Um solche Probleme zu vermeiden, rät sie, sterile Farne oder Farne mit geringem Sporengehalt zu wählen, wie z. B. Austral-Gem-Vogelnest, Hasenpfote, Kängurutatze.

6. Räuberische Pflanzen

Es handelt sich um Vasenpflanzen wie die Venusfliegenfalle (Dionaea muscipula) und Sarracenia (Sarracenia), die sich als einzige von Insekten ernähren. Aber diese Pflanzen sind nicht gut an das Leben in Innenräumen angepasst. In der freien Natur wachsen sie in sonnigen, sumpfigen Umgebungen und haben eine kalte Winterruhe, die sich in Innenräumen kaum wiederholen lässt.

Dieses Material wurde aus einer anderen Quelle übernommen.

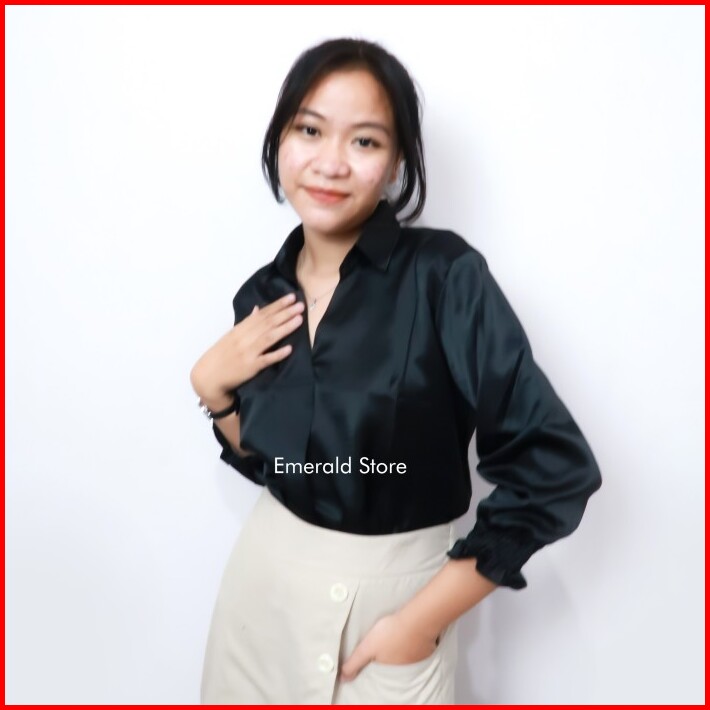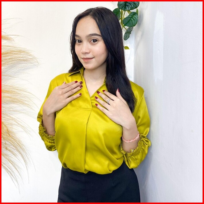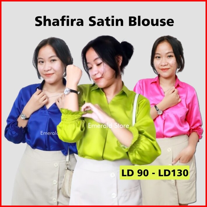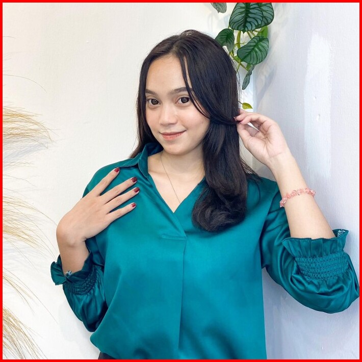 Shafira Satin Blouse Wanita V Neck Velvet Premium Atasan Top Wanita Satin Baju Cantik Formal Kain Casual Silk Panjang
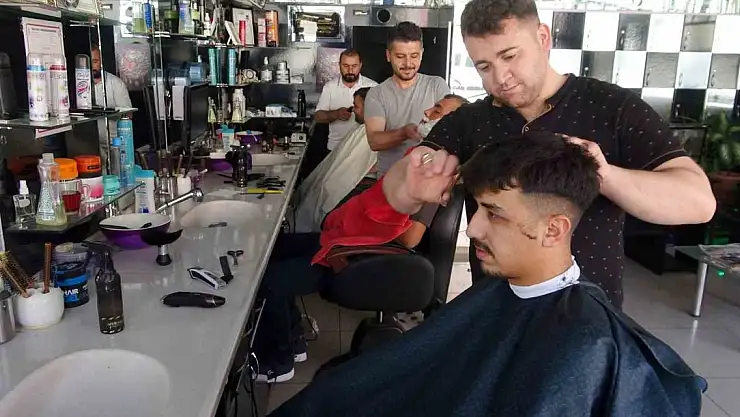 Bayram için saç ve sakal tıraşı yaptırmak isteyenler, berber ve kuaför salonlarında sıra oluşturdu. Yoğunluk sebebiyle gecenin geç saatlerine kadar çalışan berberler, vatandaşları bayrama hazırlıyor. Kentte uzun yıllar kuaförlük yapan Metin Fidan, yoğunluğun yaklaşık 1 hafta önce başladığını söyledi.

„Wenn Sie keinen Platz in Ihrem Kühlschrank haben, um ruhende Pflanzen zu lagern, lassen Sie sie draußen“, rät die Zimmerpflanzenexpertin und Gärtnerin Bex Claire Hamell.

7. Geschenkpflanzen

Viele beliebte Geschenkpflanzen sind eher für die vorübergehende Verwendung in Innenräumen als für die langfristige Kultivierung gedacht. Laut Steinkopf brauchen Chrysanthemen, Miniaturrosen, Hortensien und Azaleen eine Ruhephase im Freien, um langfristig zu überleben.